License: MIT R-4.5.1 Python 3.9+ Nextflow Snakemake

Repository: https://jhuanglab.github.io/twist2/

Principal Investigator: Jhuanglab

Contact: hiekeen [at] gmail.com

This repository supports the study "TWIST2 high expression defines a novel subtype of B-cell precursor acute lymphoblastic leukemia", which identifies and characterizes a rare but distinct molecular subtype of BCP-ALL driven by aberrant overexpression of the transcription factor TWIST2.

Overview

By integrating transcriptomic data from 3,371 BCP-ALL samples across 23 public and in-house datasets, we uncovered a previously unclassified subgroup (0.5%, n=17) with uniformly high TWIST2 expression.

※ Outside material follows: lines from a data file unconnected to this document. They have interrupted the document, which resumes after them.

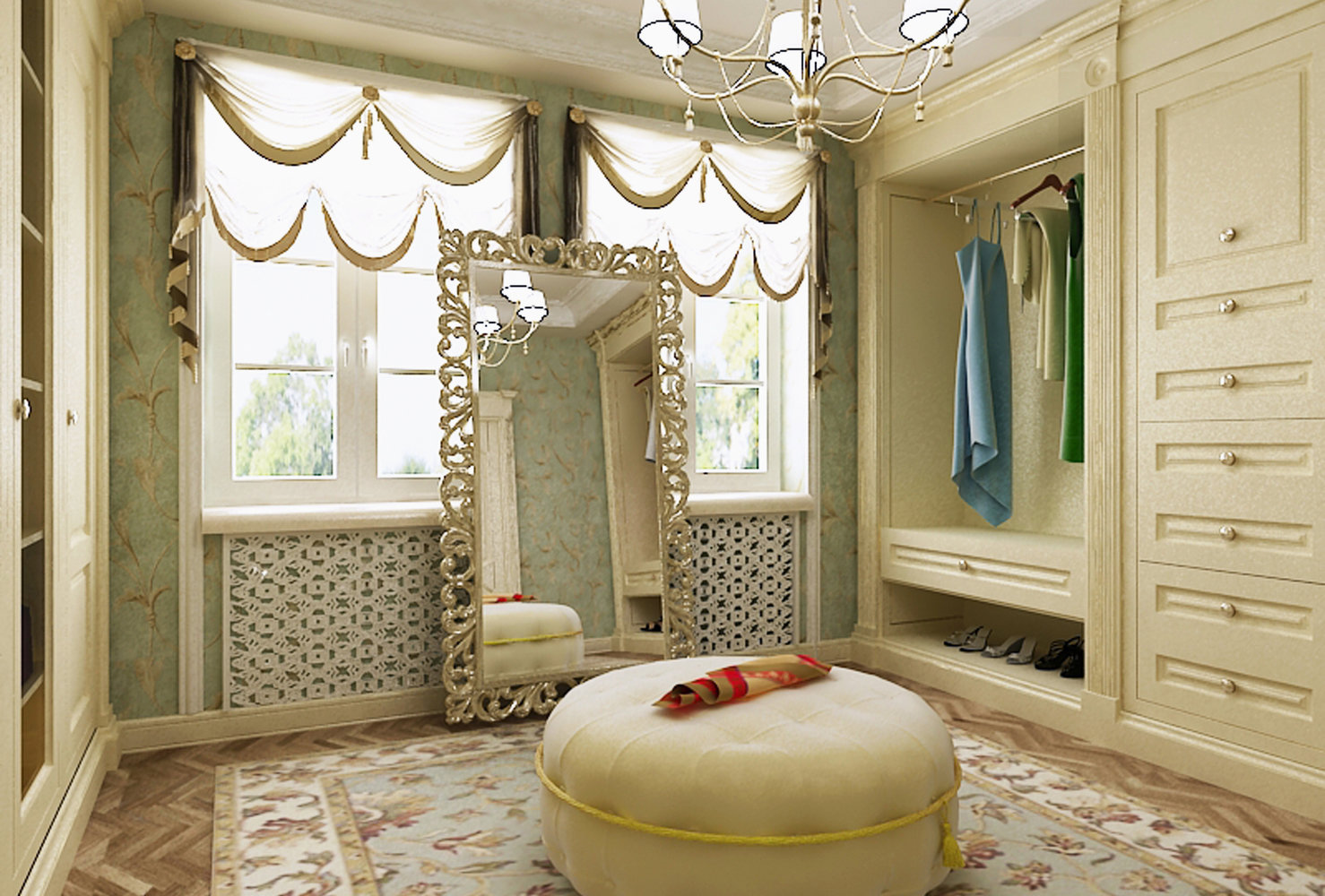 Гардеробная золотистого цвета в стиле Прованс и кантри — 2 фото дизайна интерьеров
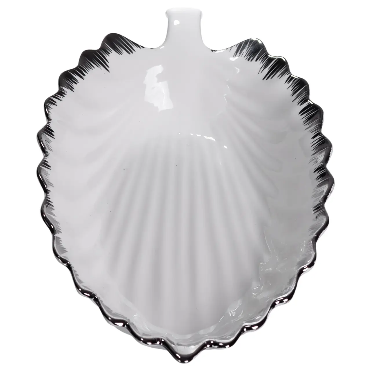 Порцелянове блюдо для сервірування стола у формі листя 37×18×5 (см) блюдо для подавання закусок Білий зі сріблом Yiwu 2552-1
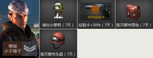 等级在1-15级之间的玩家可以参加本活动符合成长计划资格的玩家绑定大区后即可直接领取经验套装一份;
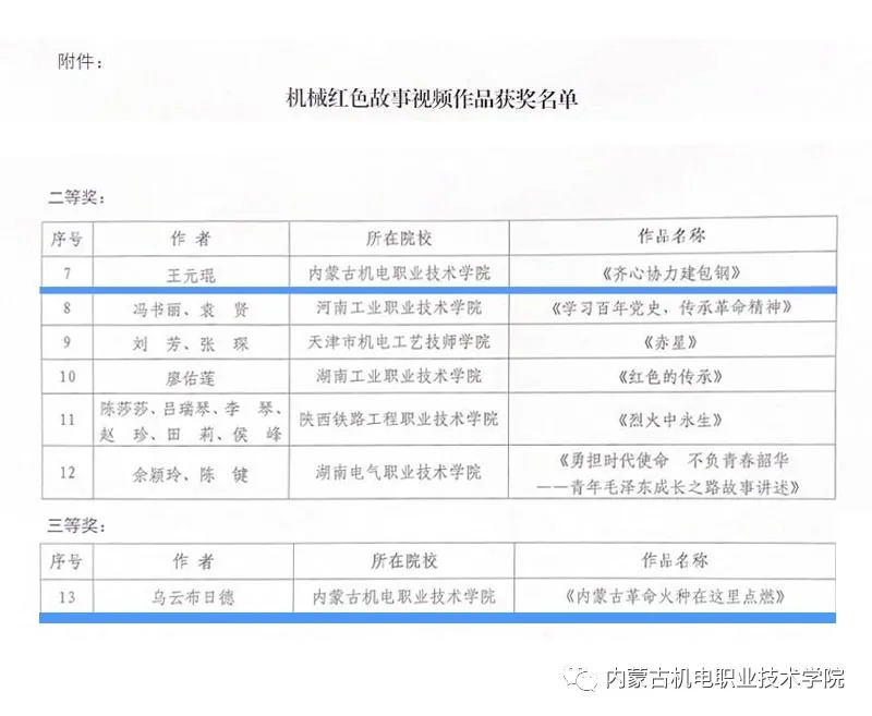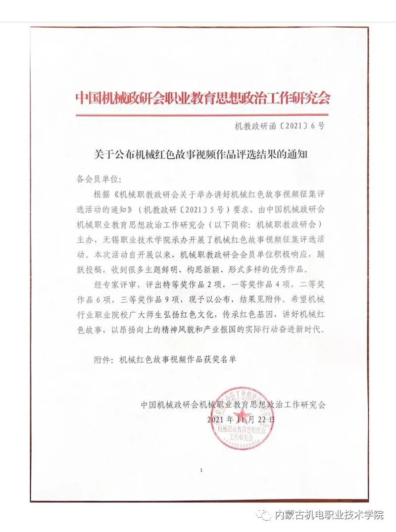 此次评选征集活动,学院党委高度重视,按照《机械职教政研会关于举办讲好机械红色故事视频征集评选活动的通知》要求,党委宣传部具体实施,积极组织教师申报并报送视频作品参与评选,最终我院榜上有名,跻身二、三等奖行列,是自治区唯一获奖高校。至此,致敬建党百年系列新媒体作品—机械行业党史微党课、“颂歌献给党 奋进新时代”师生大联唱、机械红色故事视频,我院选送的5项作品已全部获奖,其中一等奖2项,二等奖2项,三等奖1项。

This TWIST2-high subtype: - Lacks known canonical fusions (e.g., DUX4, MEF2D, KMT2A) - Shows mutually exclusive mutations in metabolic genes: 7 cases harbor a recurrent germline-associated FH A273T variant, while 4 carry IDH1/2 mutations - Exhibits poor overall survival (<50% at 3 years) - Displays gene expression signatures linked to epithelial-mesenchymal transition (EMT), FGF signaling, and immunosuppression (e.g., CD274/PD-L1 upregulation)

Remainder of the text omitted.